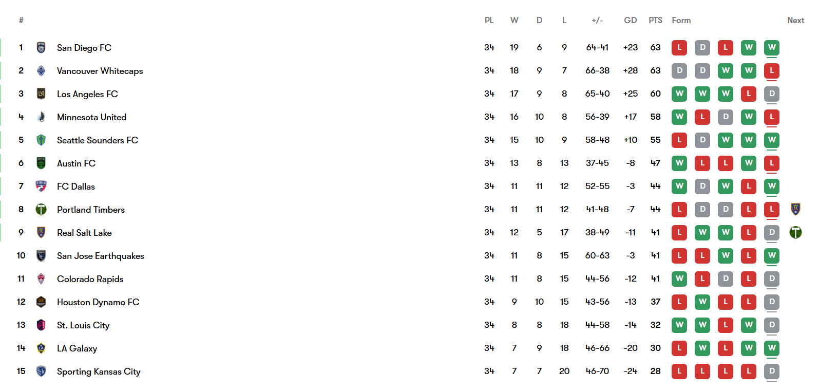 The Wild Card Game awaits for the Timbers. RSL was able to hang on to 9th place and will travel to Providence Park on Wednesday. Portland’s former fortress is now a place for opposing teams to celebrate. The Timbers finished the 2025 regular season with the 3rd-fewest home goals in their MLS history. They also finished with 27 points at Providence Park; tying their putrid 2012 campaign for the second-worst home record in their MLS history. Real Salt Lake contributed to that poor home record with a 1-0 win back in July. Three days after another humiliating home defeat, the Timbers have fallen far enough to get one more home game.
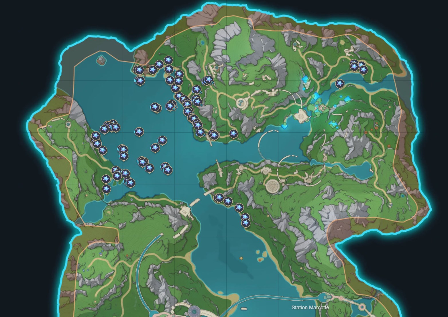 Emplacements où trouver des sombrétoiles dans Genshin Impact – source : HoYoLAB
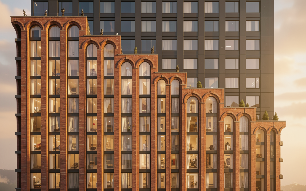 interior of a traditional bathroom wall covered in vertical large ceramic subway tile shower with glass door window above white cabinetry no faucet on cabinetry no mirror ceramic tile traditional floor maintain the scale of the drawing
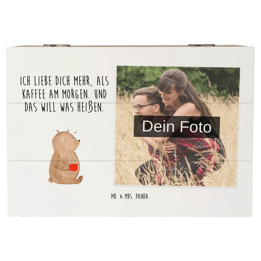 Personalized Photo Wooden Box bear morning coffee - 22 x 15 cm - White

(EXERCISE INSTRUCTIONS)
Starting with the line that contains "Emplacements où trouver", repeat each line exactly until the listing ends, including the last one. Leave pictures out.

(ANSWER AREA)
 Emplacements où trouver des sombrétoiles dans Genshin Impact – source : HoYoLAB
 interior of a traditional bathroom wall covered in vertical large ceramic subway tile shower with glass door window above white cabinetry no faucet on cabinetry no mirror ceramic tile traditional floor maintain the scale of the drawing
 Personalized Photo Wooden Box bear morning coffee - 22 x 15 cm - White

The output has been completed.